- _Input data_:

- Opening Delimiter -

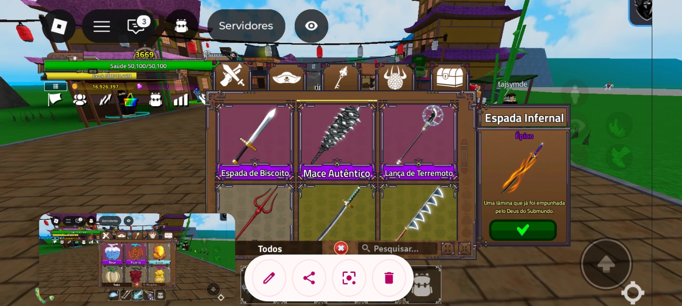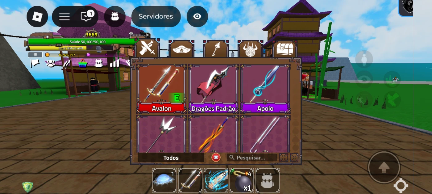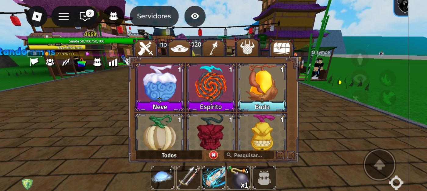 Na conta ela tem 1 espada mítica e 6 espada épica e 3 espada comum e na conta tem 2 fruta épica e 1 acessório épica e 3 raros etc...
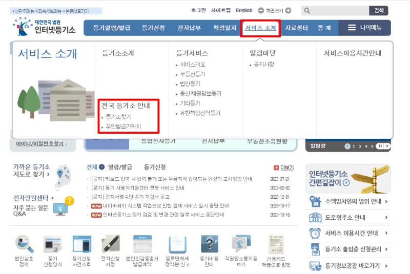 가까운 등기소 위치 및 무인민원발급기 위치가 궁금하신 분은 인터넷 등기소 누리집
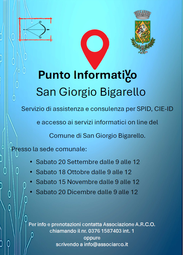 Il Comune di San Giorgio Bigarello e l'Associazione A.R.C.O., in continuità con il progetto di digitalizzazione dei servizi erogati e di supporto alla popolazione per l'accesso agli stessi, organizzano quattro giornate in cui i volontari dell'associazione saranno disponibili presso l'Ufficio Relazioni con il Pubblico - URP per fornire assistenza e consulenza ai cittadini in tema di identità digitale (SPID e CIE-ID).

- Closing Delimiter -
- Opening Delimiter -

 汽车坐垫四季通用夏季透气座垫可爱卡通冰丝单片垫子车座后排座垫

- Closing Delimiter -

- _About this task_: Starting at the line that contains "Na conta ela" and ending at the line that contains "가까운 등기소 위치 및 무인민원발급기 위치가 궁금하신 분은 인터넷 등기소 누리집", transcribe the material above exactly, excluding pictures.

- _Output for this task_:
 Na conta ela tem 1 espada mítica e 6 espada épica e 3 espada comum e na conta tem 2 fruta épica e 1 acessório épica e 3 raros etc...
 가까운 등기소 위치 및 무인민원발급기 위치가 궁금하신 분은 인터넷 등기소 누리집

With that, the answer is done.